[英]Random Sample of N Distinct Permutations of a List
Suppose I have a Python list of arbitrary length k
. 假设我有一个任意长度为
k
的Python列表。 Now, suppose I would like a random sample of n
, (where n <= k!) distinct permutations of that list. 现在,假设我想要随机抽样
n
,(其中n <= k!)该列表的不同排列。 I was tempted to try: 我很想尝试:
import random
import itertools
k = 6
n = 10
mylist = list(range(0, k))
j = random.sample(list(itertools.permutations(mylist)), n)
for i in j:
print(i)
But, naturally, this code becomes unusably slow when k
gets too large. 但是,当
k
变得太大时,这个代码自然会变得非常慢。 Given that the number of permutations that I may be looking for n
is going to be relatively small compared to the total number of permutations, computing all of the permutations is unnecessary. 鉴于我可能正在寻找的排列的数量
n
与排列的总数相比将相对较小,因此计算所有排列是不必要的。 Yet it's important that none of the permutations in the final list are duplicates. 但重要的是,最终列表中的所有排列都不是重复的。
How would you achieve this more efficiently? 你会如何更有效地实现这一目标? Remember,
mylist
could be a list of anything, I just used list(range(0, k))
for simplicity. 请记住,
mylist
可以是任何列表,我只是使用list(range(0, k))
以简化。
You can generate permutations, and keep track of the ones you have already generated. 您可以生成排列,并跟踪已生成的排列。 To make it more versatile, I made a generator function:
为了使它更通用,我做了一个发电机功能:
import random
k = 6
n = 10
mylist = list(range(0, k))
def perm_generator(seq):
seen = set()
length = len(seq)
while True:
perm = tuple(random.sample(seq, length))
if perm not in seen:
seen.add(perm)
yield perm
rand_perms = perm_generator(mylist)
j = [next(rand_perms) for _ in range(n)]
for i in j:
print(i)
Bellow the naïve implementation I did (well implemented by @Tomothy32, pure PSL using generator): Bellow我做过的天真实现(很好地实现了@ Tomothy32,使用生成器的纯PSL):
import numpy as np
mylist = np.array(mylist)
perms = set()
for i in range(n): # (1) Draw N samples from permutations Universe U (#U = k!)
while True: # (2) Endless loop
perm = np.random.permutation(k) # (3) Generate a random permutation form U
key = tuple(perm)
if key not in perms: # (4) Check if permutation already has been drawn (hash table)
perms.update(key) # (5) Insert into set
break # (6) Break the endless loop
print(i, mylist[perm])
It relies on numpy.random.permutation
which randomly permute a sequence. 它依赖于随机置换序列的
numpy.random.permutation
。
The key idea is: 关键的想法是:
tuple
of int
because it must hash) to prevent duplicates; int
tuple
,因为它必须散列)以防止重复; This naïve version does not directly suffer to factorial complexity O(k!)
of itertools.permutations
function which does generate all k!
这个天真的版本并没有直接遭受
itertools.permutations
函数的因子复杂度O(k!)
,它确实产生了所有k!
permutations before sampling from it. 从中抽样之前的排列。
There is something interesting about the algorithm design and complexity... 算法设计和复杂性有一些有趣的东西......

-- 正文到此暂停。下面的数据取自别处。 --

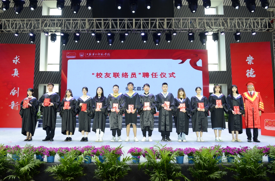副校长祝兴成宣读2021届优秀毕业生表彰决定与2021届校友联络员聘任决定。王仁雷、薛凤冠为获奖学生代表颁发证书,王建为校友联络员代表颁发聘书。
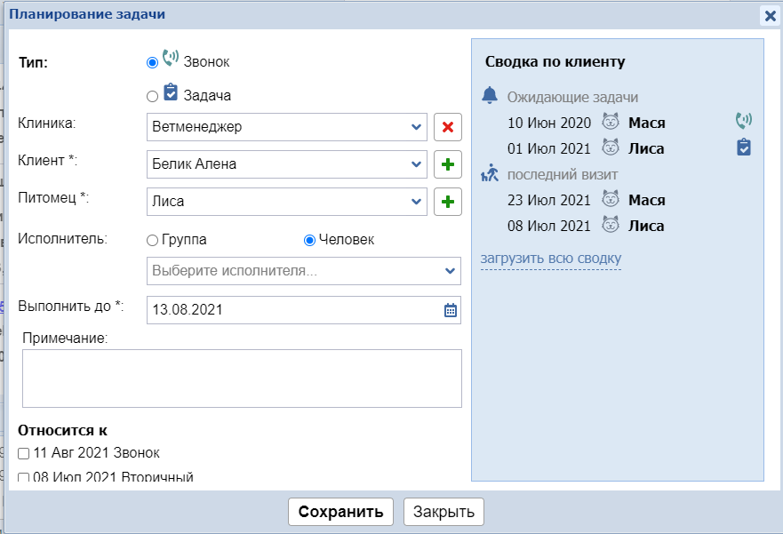 Чтобы запланировать звонок клиенту, нужно нажать на кнопку с изображением календаря. Выбрать Запланировать задачу. Эта кнопка есть в профиле клиента, в медкарте, в модуле Управление клиентами.

If we want to be sure that the loop could end, we must enforce N <= k!
如果我们想确保循环可以结束,我们必须强制执行
N <= k!
, but it is not guaranteed. ,但不保证。 Furthermore, assessing the complexity requires to know how many time the endless-loop will actually loop before a new random tuple is found and break it.
此外,评估复杂性需要知道无限循环在找到新的随机元组之前实际循环多少次并打破它。
Let's encapsulate the function written by @Tomothy32: 让我们封装@ Tomothy32编写的函数:
import math
def get_perms(seq, N=10):
rand_perms = perm_generator(mylist)
return [next(rand_perms) for _ in range(N)]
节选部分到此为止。